О!Если бы ты только знал, приятель: какие хлопцы к ней сватались! Ромка Абрамович! Андрюшка Аршавин! Йен Гилан из Дееп Пурпле! Басков Колькя! Киркоров Филькя! И даже сам Билан! Эх! Дурра ты, дурра, Ассоль, в рот тебе пароход! И сколько таких дурочек наивных нагрел тот скотина сказочник???!!!! А в результате – Хрен им всем, а не принц с алыми парусами! Жалко мне их всех. Хочется крикнуть: «На хера вам паруса алые? Зачем вы бабы красивых любите?!!! Любите земных парней, простых романтиков, рыбаков и токарей!» Таких, как я. Верно, говорю, а? Пару рублей, кстати, не найдется? О! Червонец? Спасибо.
О ней, об нашей бабке Ассоль, кстати, даже поэмы разные сочиняли! Может, слыхал? Сашка Гриневский писал! Был такой сочинитель…. Он себя называл на иностранный манер, сокращенно – Грин. Тоже, кстати, сватался, горемыка…. Ассоль ему тоже не дала.
Кряхтя, пыхтя, постанывая от напряжения, матрос пересадил бабушку Ассоль в кресло каталку и увез, не прощаясь. Давно стихли его шаги. А поэт стоял неподвижно на берегу, всматриваясь безбрежную даль моря, словно пытаясь представить себя обманутой девчушкой Ассоль.

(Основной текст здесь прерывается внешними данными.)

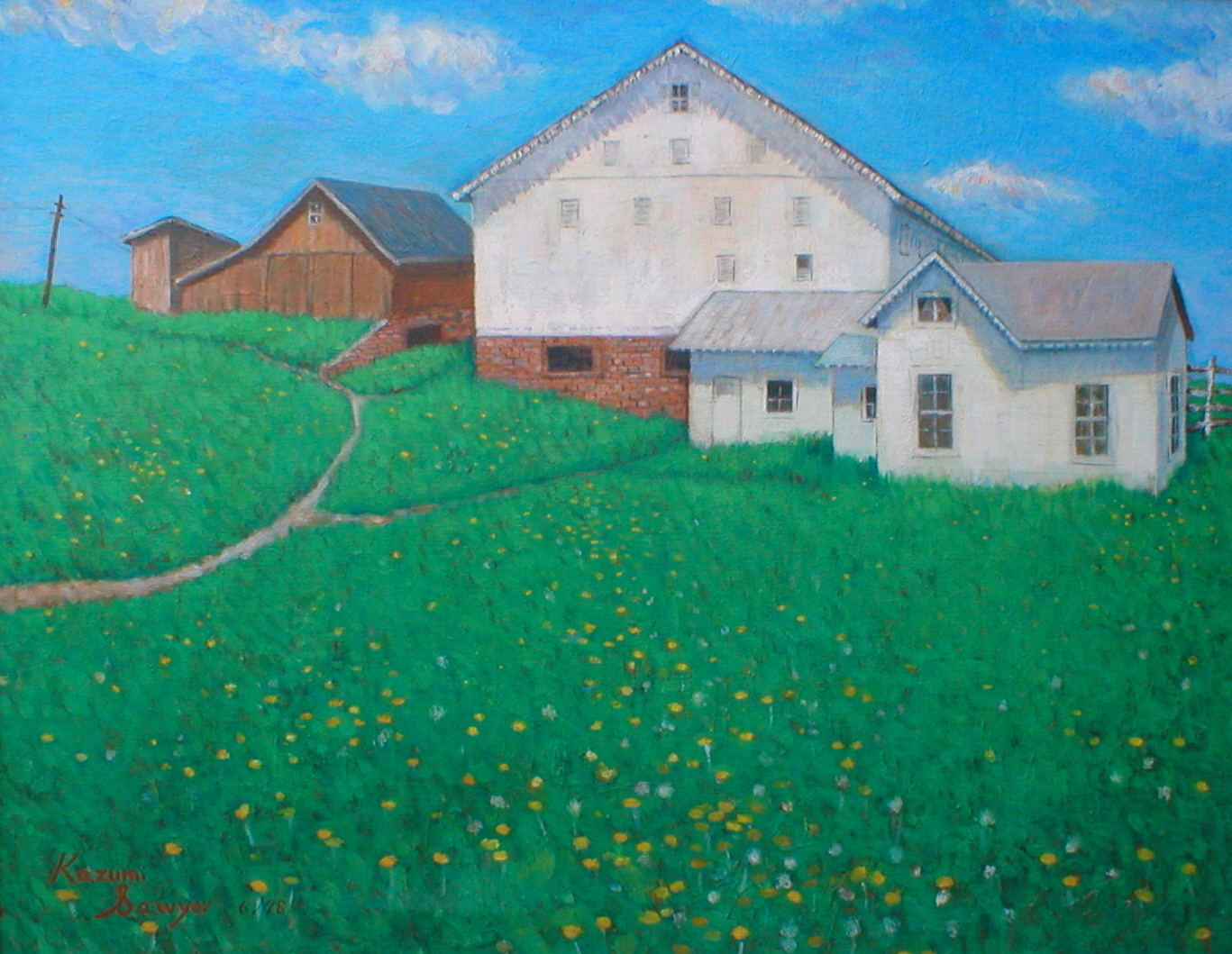 Dndelion Hilloil on canvas22"x28"06/1978ペンシルバニア州のランカスターと言う、アミッシュの住むダッチカントリーをドライブしていた時のことだ。タンポポが咲き乱れた丘に歓声を上げ、道路わきに駐車してキャンバスを出した。その町は、未だにオランダから入植してきた当時のままの生活を送っている。馬車が行きかい、人々は当時のままの家、宗教、服装で生活している。絵に描いたからか、この丘が目の前に広がっている様な感覚がする。かれこれ50年前のことだとは信じられない。

В тишине приморского вечера раздался морок, шорох и шмякание чьих-то шагов. Откуда-то справа, из сумрака, возник, долгоносый, седовласый, старец в пенсне, в траченном молью, мятом фраке, с нелепой бабочкой, в канотье, и в стоптанных ботиночках «Нариман». Отдышавшись он спросил Шуева, подслеповато всматриваясь в горизонт и указав тростью в даль моря.
- Не приплыл ишшо?
- Кто? – спросил поэт.
- Ну, этот…. Фрегат. С алыми парусами!
- А что: вы его тоже ждете? - изумился Шуев.
- Жду, - печально вздохнув, отозвался старец.
- А вы его зачем ждете? Какая мотивация? – оживился Жуев.
Старичок хитровато посмотрел на Жуева и, после многозначительной паузы, через полчаса ответил загадочно:
- Близкие друзья называют меня – Ассоль!